The source code for this article is the Ext3 file system in the Linux kernel. In order to facilitate reader access to the source code, some of the key technical terms in this article are used in the kernel source code used in English words, without the use of the corresponding Chinese translation. (This method is appropriate, but also ask readers to advise.) )




Back to the top of the page


A rough description

For ext2 file systems, hard disk partitions are first divided into blocks, and each block on a ext2 file system is the same size, but for different ext2 file systems, the block size can vary. The typical block size is 1024 bytes or 4096 bytes. This size is determined when the Ext2 file system is created, it can be specified by the system administrator, or the file system creator can automatically select a reasonable value based on the size of the hard disk partition.
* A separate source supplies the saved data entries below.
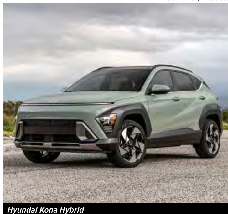
Hyundai Kona Hybrid

A Hyundai anunciou que iniciará as vendas do Kona Hybrid em abril, marcando a chegada da segunda geração do crossover, que anteriormente teve poucas vendas no Brasil.
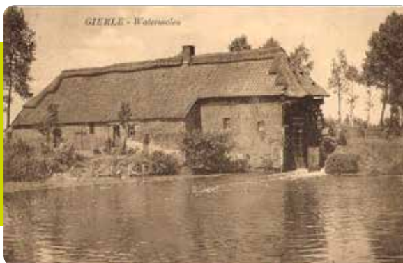
Watermolen "Gierle" oude postkaart

We wandelen verder via 2, 7, 6, 4, 66 en 69. Tussen deze laatste 2 knopen kruisen we de Molenpad. Hier 150m links was de nieuwe standplaats van de molen na de verkoop in 1911. De molen heeft hier nog gestaan tot
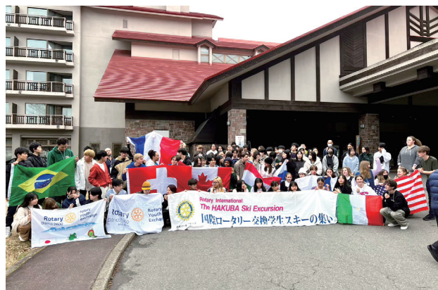
毎年3月開催の白馬研修。他地区からもインバウンド、帰国生、候補生、ROTEXが集まる事業

These blocks are grouped together into several large block groups. How many blocks in each block group are fixed.

Each block group corresponds to a group descriptor, and these group descriptor are clustered together at the beginning of the hard disk partition, following the Super block. The so-called super block, we have to discuss below. There are several important block pointers in this descriptor. The block pointer we are talking about here refers to the block number on the hard disk partition, for example, the value of the pointer is 0, we say it points to block 0 on the hard disk partition, the pointer value is 1023, and we say it points to block 1023 on the hard disk partition. We notice that the block count on a hard disk partition starts at 0, and that this count is global for this hard disk partition.

In Group descriptor of Block Group, where a block pointer points to each bit in the block Bitmap,block bitmap of this block group represents a block, if the bit is 0, indicating that there is data in the block, and that if the bit is 1, it is idle. Note that the block bitmap itself is just as large as a block. Assuming the block size is S bytes, the block bitmap can only record 8*s blocks (because one byte equals 8 bits and one bit corresponds to a block). That is to say, a block group can only have 8*s*s bytes so large.

In the group descriptor of Block Group, another block pointer points to the Inode bitmap, and the bitmap is just as big as a block, with each bit corresponding to an inode. An inode on a hard disk is roughly relative to a file or directory on the file system. As for the inode, we'll talk more about it below.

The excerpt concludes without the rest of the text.